113. the method as described in claim 112, wherein one or more genome sequences in the first gene or genome area The presence of row variant is deposited with described in one or more genome sequence variants in second gene or genome area The interaction between causes the subject to have the wind improved to each in one or more phenotypes Dangerous score.

114. the method as described in claim 112, wherein one or more genome sequences in the first gene or genome area The presence of row variant is deposited with described in one or more genome sequence variants in second gene or genome area The interaction between causes the subject to have the wind reduced to each in one or more phenotypes Dangerous score.

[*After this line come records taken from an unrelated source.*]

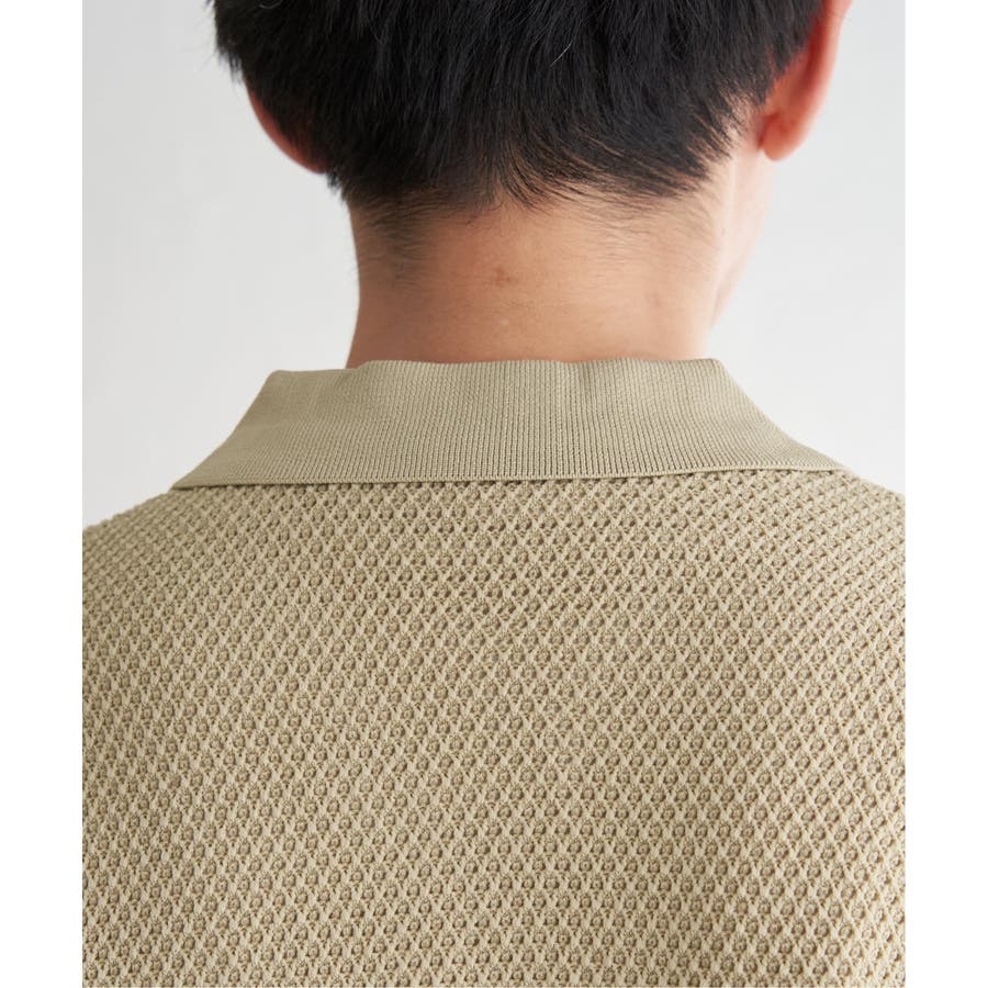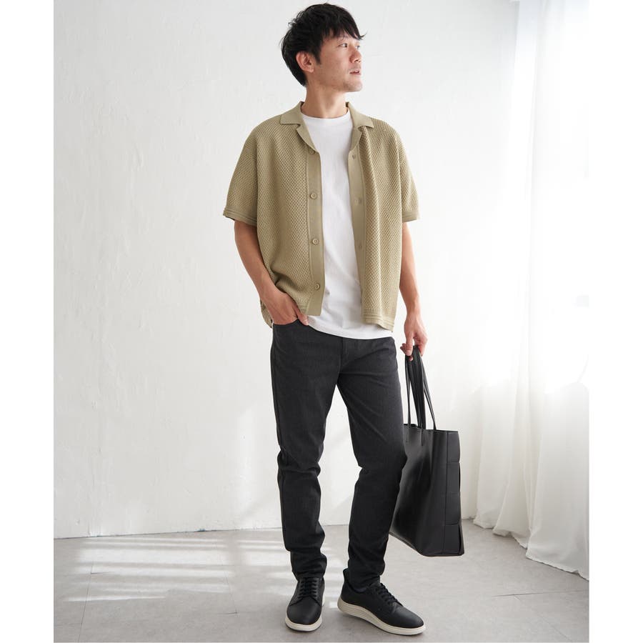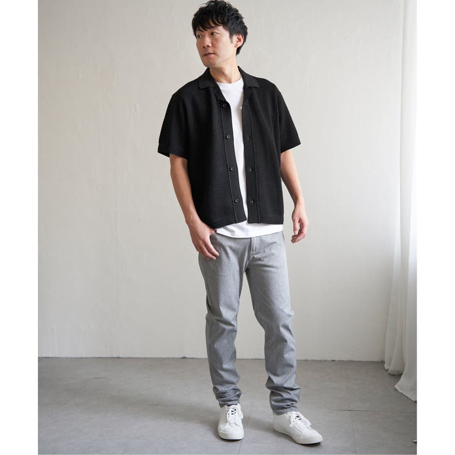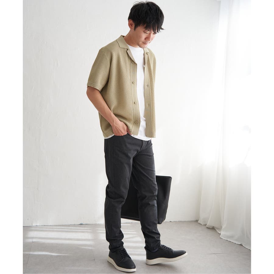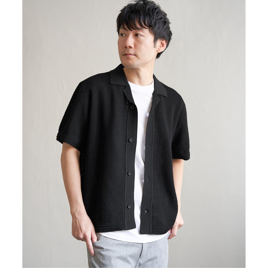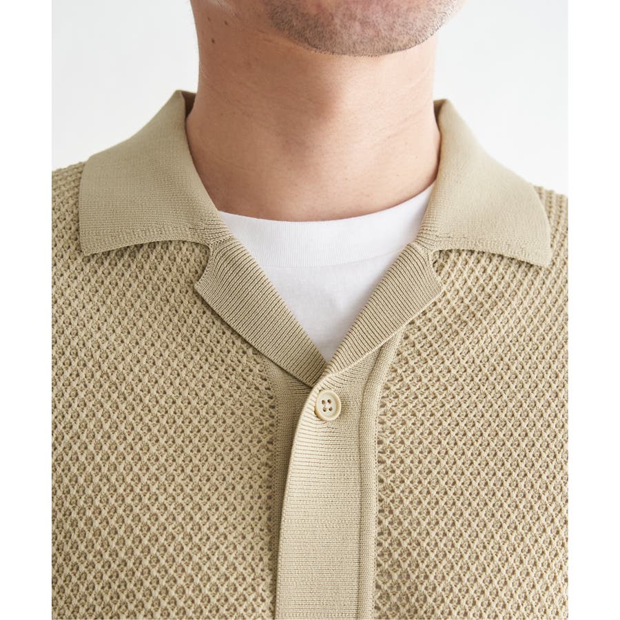 ニットは表情豊かな編地で、オープンカラーが独特の雰囲気を醸し出します。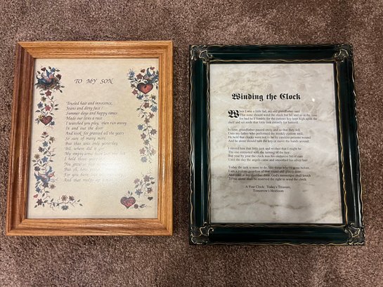 Two Inspirational Framed Prints: To My Son, And Winding The Clock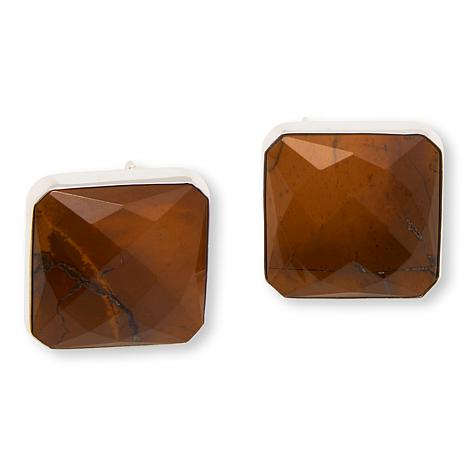 - Earrings have cushion-shaped, faceted brown chalcedony stones
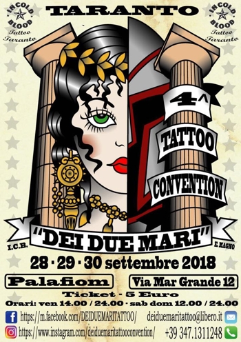 È partita ieri l’edizione 2018 dell’evento promosso dall’ass. culturale Art Music e lo studio di tatoo e piercing di Taranto “In cold blood” nel palazzetto sportivo. Circa 60 stand di tattoo artist e piercer provenienti da tutta Italia costituiranno l’attrattiva principale della manifestazione.
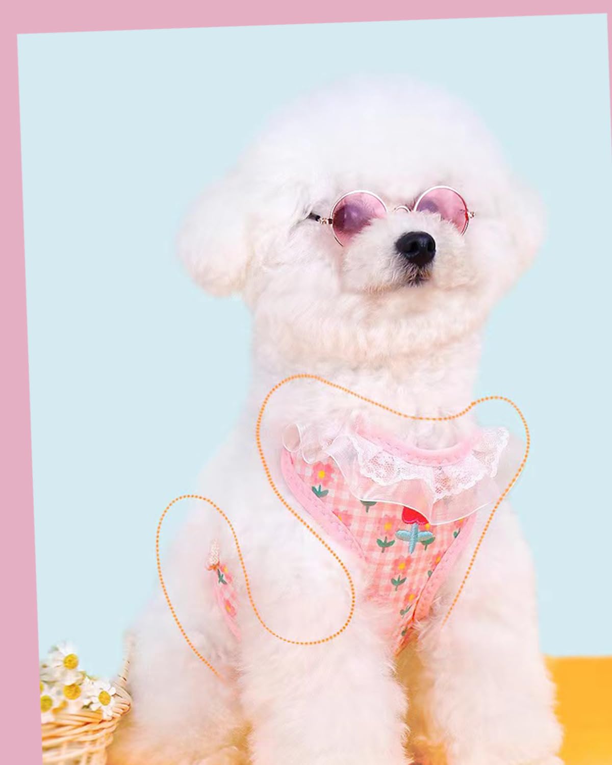 花とレースのデザインで優しい癒し感、四季対応の通気性: おしゃれで実用的なデザインで、花とレースのディテールが優雅な雰囲気を醸し出し、四季折々の気候に対応する通気性を提供します。日常の散歩からアウトドアアクティビティまで、ペットとの信頼感とおしゃれなスタイルを演出します。
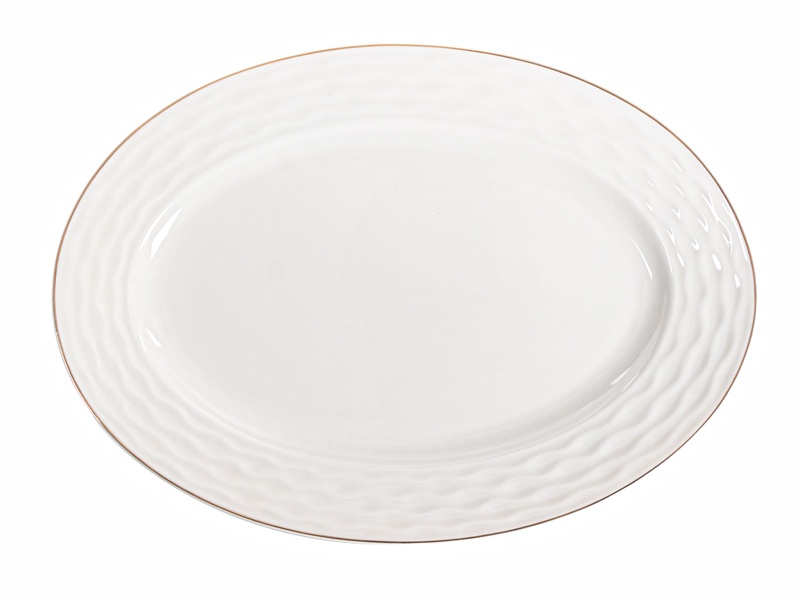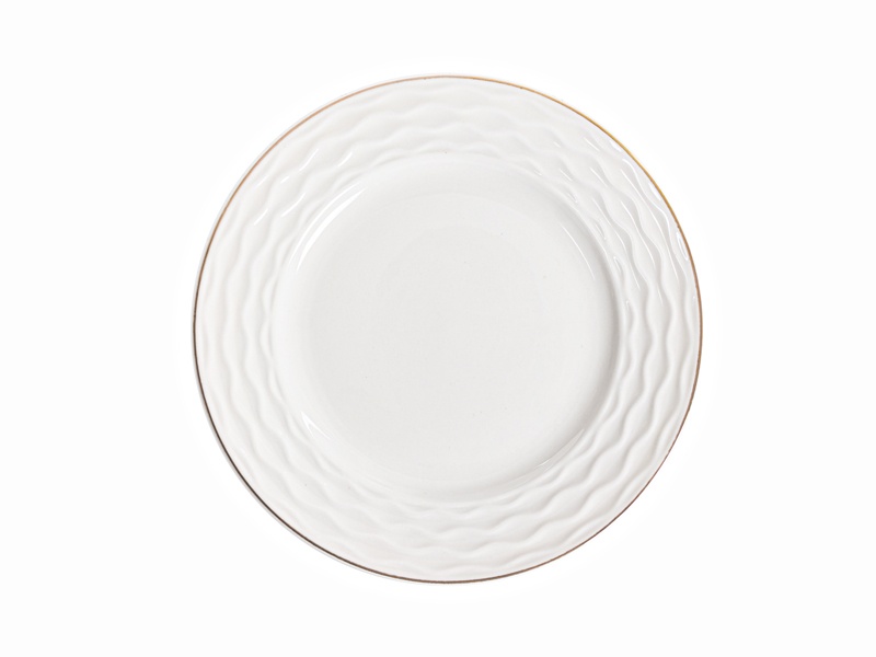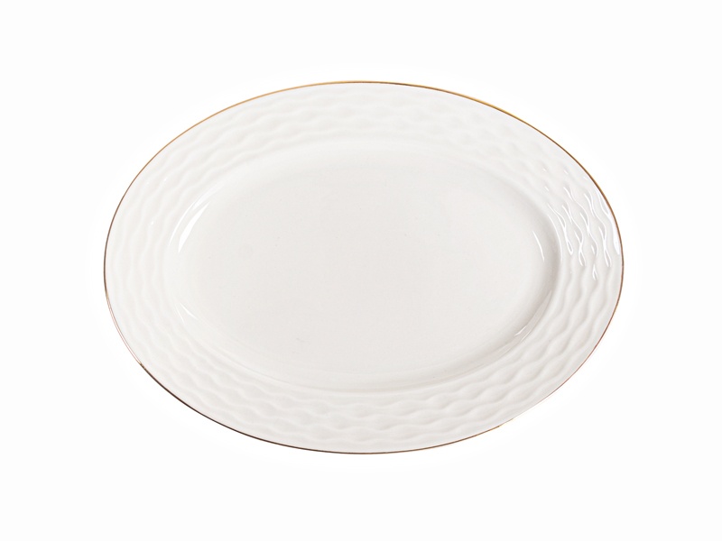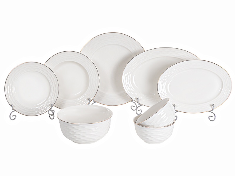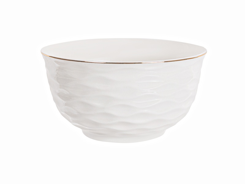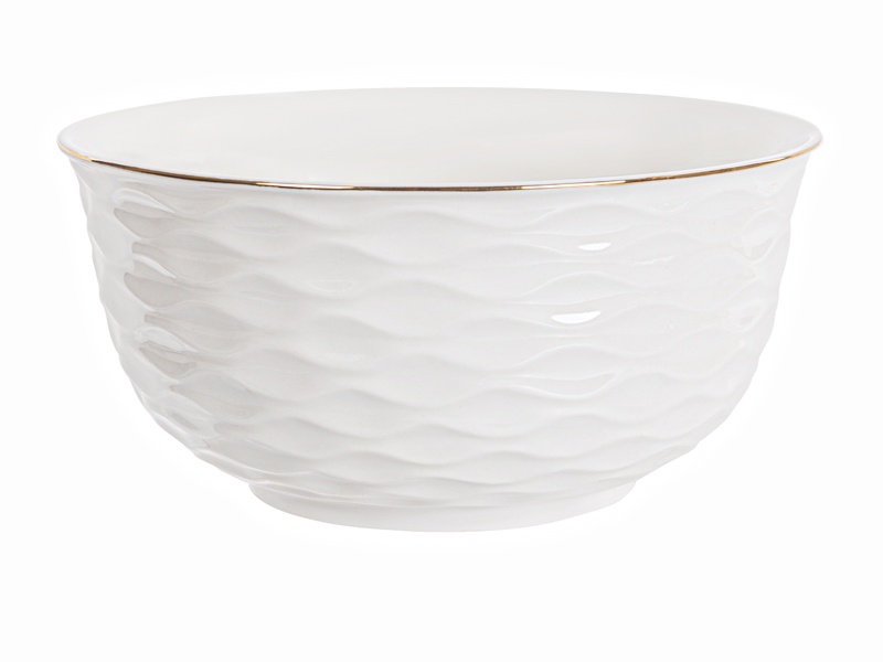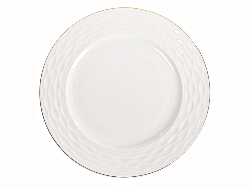 Каждое изделие коллекции выполнено из качественного фарфора с деликатной текстурой и мягкой волнообразной формой. Лёгкое сияние золотой линии добавляет праздничный акцент, не перегружая композицию. Посуда выглядит торжественно, но при этом сохраняет лаконичность и спокойный стиль.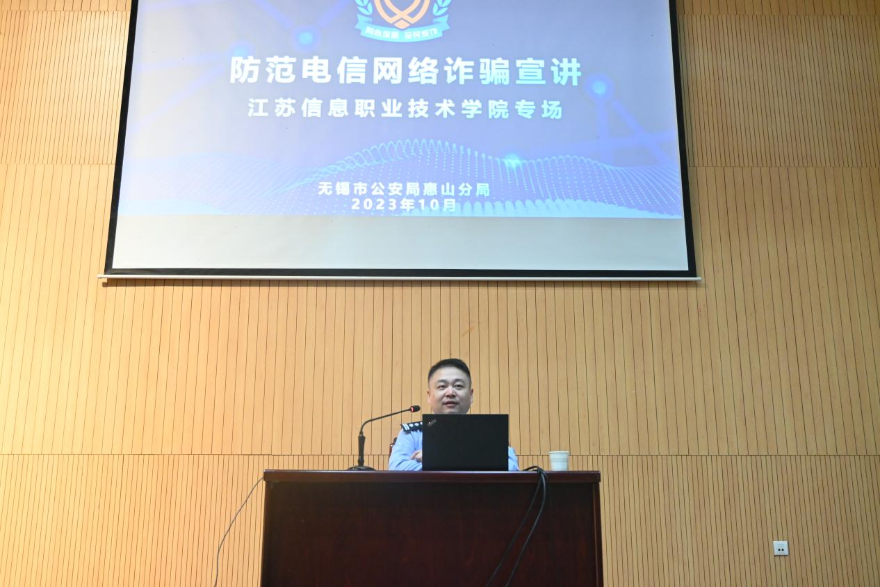 10月24日,无锡市公安局惠山分局副局长邵振晔来校做防范电信网络诈骗宣讲。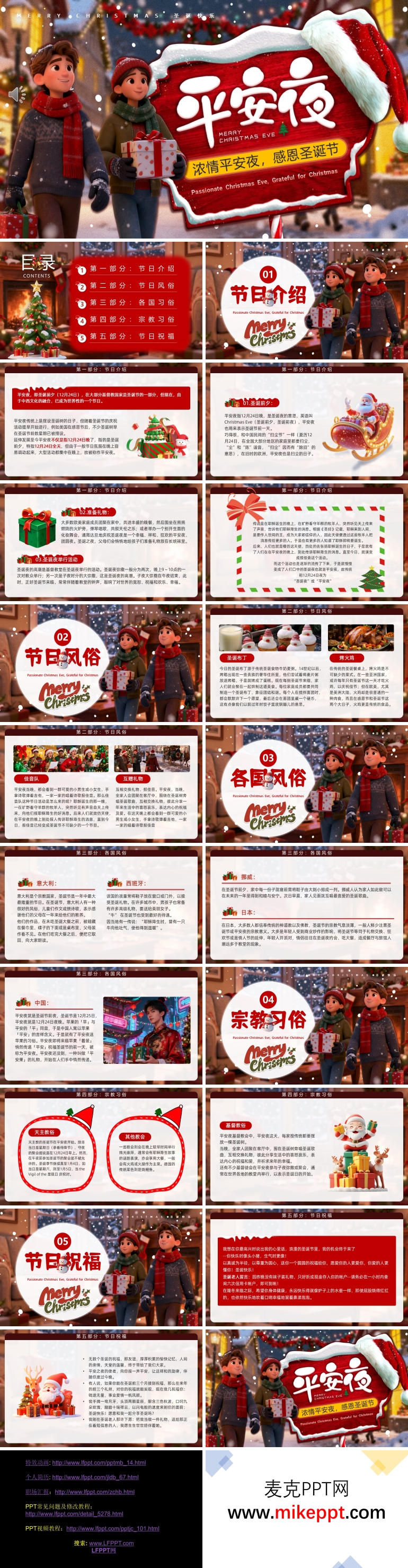 PPT模板内容主要通过PowerPoint软件分几个部分来向我们展开介绍有关于圣诞节平安夜节日介绍PPT课件的相关内容。PPT模板内容第一部分主要向我们详细的介绍了有关于圣诞节和平安夜的节日介绍等等内容。第二部分主要是有关于圣诞节的节日习俗。第三部分主要是有关于各国关于圣诞节的习俗。第四部分是有关于圣诞节的宗教习俗。最后一部分是有关于圣诞节的节日祝福。
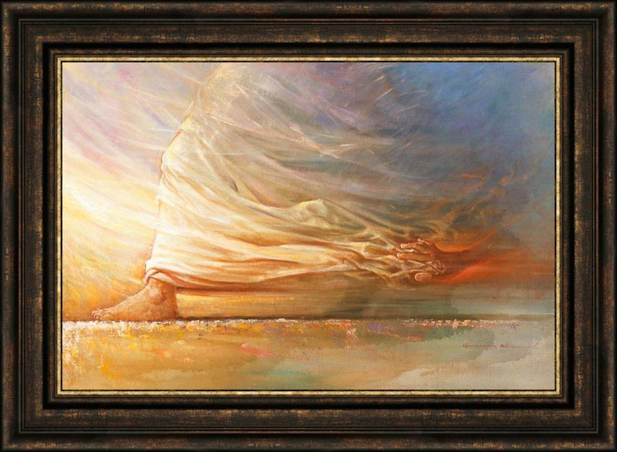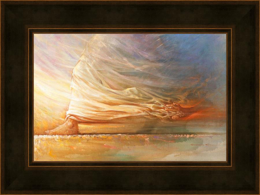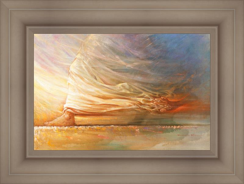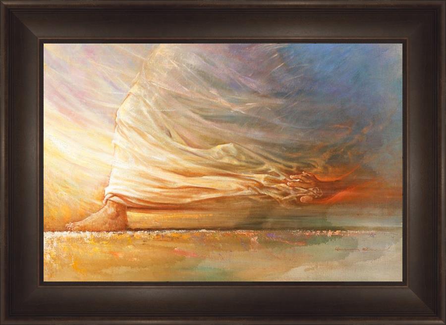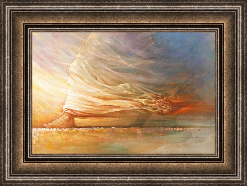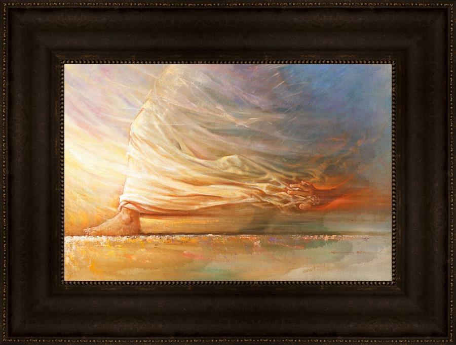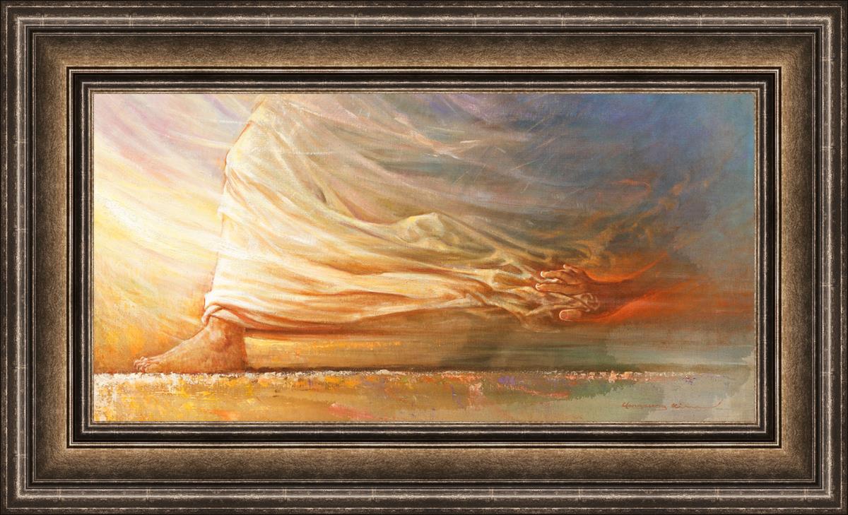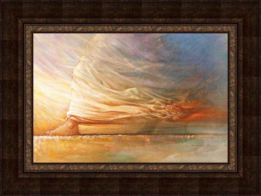 Touch of Faith by Yongsung Kim depicts the feet of Jesus and the hand of the woman with an issue of blood reaching in faith to touch the hem of His garment. This painting is available in print and canvas.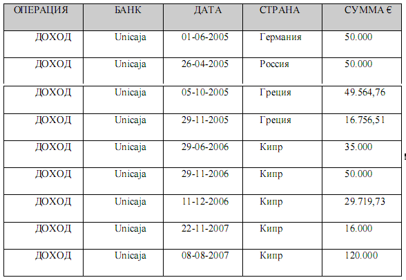 Многие из платежей, сделанных за реконструкцию в доме, и совершенных “Xorairan SL” были оплачены со счетов на Кипре, как показано в следующей таблице с описанием операций с валютного трафика: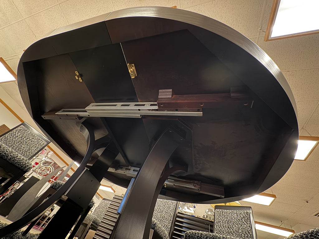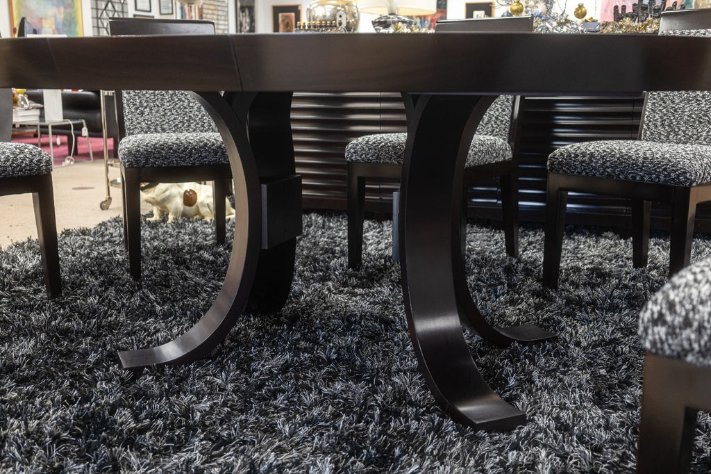 A Kindel Furniture Co Mark table by Dorothy Draper. This is a gorgeous contemporary-made, baroque-style custom made dining table. This table is manufactured by local Michigan company Kindel Furniture, and designed by Dorothy Draper. Dorothy Draper was a pioneer in the design community. She was the very first individual to open an interior design business in the US, all the way back in the year 1923. Through her company, Draper delved into the modern baroque style, and created many shapes and pieces that are still iconic today. The Mark table was first designed by Draper fro the lobby of the Mark Hopkins Hotel in San Francisco. This custom made version of Draper's original design features a cherry wood construction, and a large oval table top with an accenting table leaf. The table features the original Kindel tagging plaque on the underside as pictured. It measures 29.25 inches tall, 60 inches wide, 72 inches long with the leaf, and 60 inches long without it.

115. the method as described in claim 65, wherein the output includes providing comprising in one or more phenotypes The report of the risk score of each.

116. the method as described in claim 115, wherein described be reported as electronic report.

117. the method as described in claim 116, wherein the electronic report provides on a user interface, the user interface With corresponding to the graphic element through priority ranking phenotype.

118. the method as described in claim 116 further comprises sending the electronic report to user by network.

119. the method as described in claim 115, wherein the report only includes the gene with the risk score more than zero Or genome area.

120. the method as described in claim 67 further comprises after exporting the phenotype list through priority ranking Therapy intervention is provided.

121. the method as described in claim 120, wherein the therapy intervention includes treatment or monitors the institute of the subject State at least one subset of one or more phenotypes.

122. the method as described in claim 121, wherein one or more phenotypes include disease, and wherein described control Intervention is treated to include treatment or monitor the disease of the subject.

123. the method as described in claim 122, wherein the disease is hereditary disease.

124. the method as described in claim 65, wherein determining the risk to each in one or more phenotypes Score.